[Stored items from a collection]
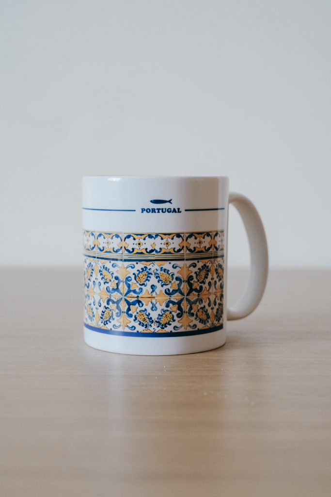 因為日前地震摔破了在女賊市集挖到的花磚馬克杯,所以決定自己復刻一個以茲紀念!選了很喜歡的藍、黃配色,再加上了小沙丁魚和 Lisboa & Portual 字樣,彷彿像在里斯本紀念品店買到的一樣!😍
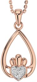 Diamond Rose Gold Silver Claddagh Necklace
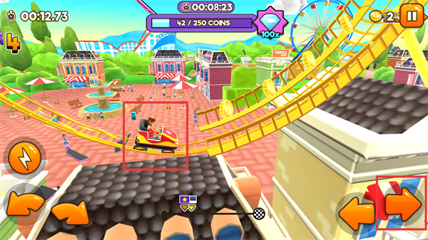3、在轨道上收集金币,注意保持过山车的平衡,通过加速和减速应对不同的地形变化。
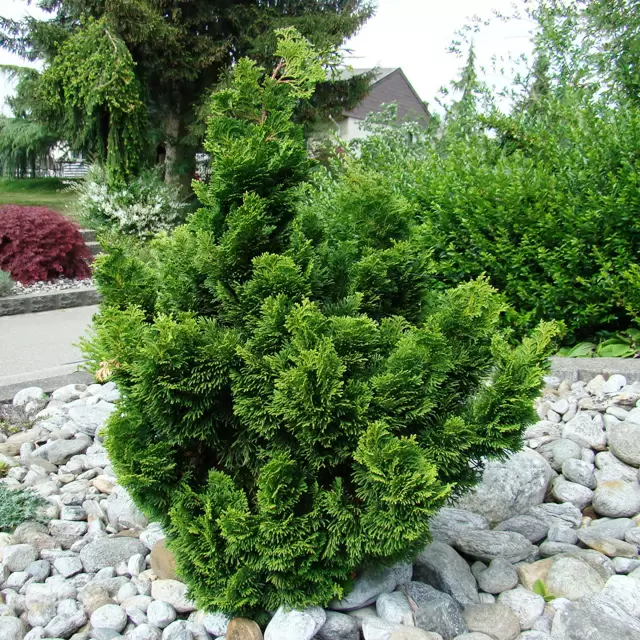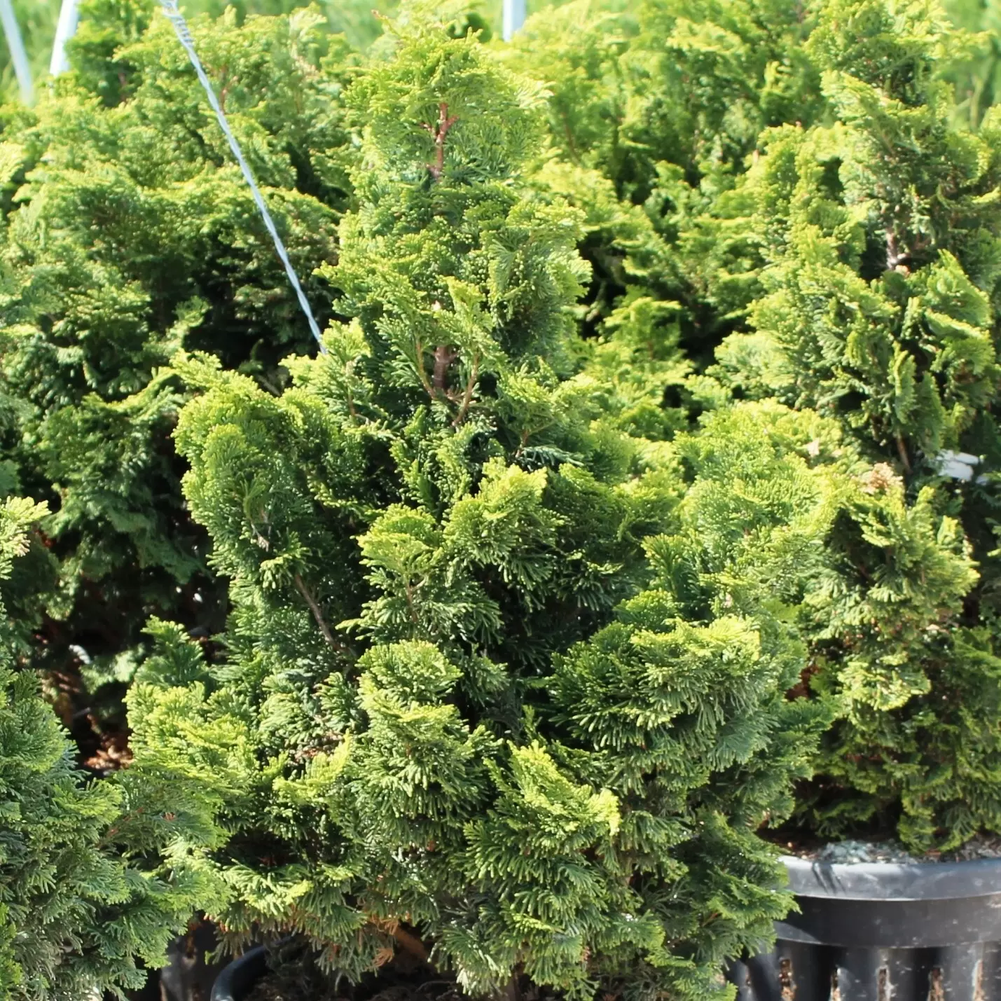 Die Kleine Muschel-Scheinzypresse 'Nana Gracilis' ist eine Sorte welche muschelförmig gedrehte Zweige besitzt und sehr langsam wächst. Sie gedeiht gut an sonnigen Plätzchen im Garten oder auf dem Balkon.
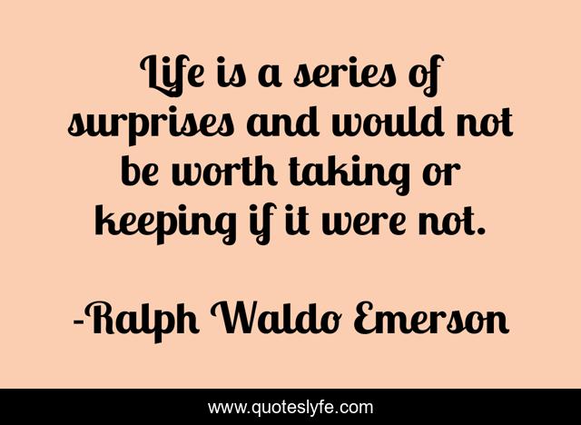 This page presents the quote "Life is a series of surprises and would not be worth taking or keeping if it were not.". Author of this quote is Ralph Waldo Emerson. This quote is about enthusiasm, life, inspirational,.

Task details
The records above should be output exactly, but without any of their pictures.

Output of the exercise
 因為日前地震摔破了在女賊市集挖到的花磚馬克杯,所以決定自己復刻一個以茲紀念!選了很喜歡的藍、黃配色,再加上了小沙丁魚和 Lisboa & Portual 字樣,彷彿像在里斯本紀念品店買到的一樣!😍
 Diamond Rose Gold Silver Claddagh Necklace
3、在轨道上收集金币,注意保持过山车的平衡,通过加速和减速应对不同的地形变化。
 Die Kleine Muschel-Scheinzypresse 'Nana Gracilis' ist eine Sorte welche muschelförmig gedrehte Zweige besitzt und sehr langsam wächst. Sie gedeiht gut an sonnigen Plätzchen im Garten oder auf dem Balkon.
 This page presents the quote "Life is a series of surprises and would not be worth taking or keeping if it were not.". Author of this quote is Ralph Waldo Emerson. This quote is about enthusiasm, life, inspirational,.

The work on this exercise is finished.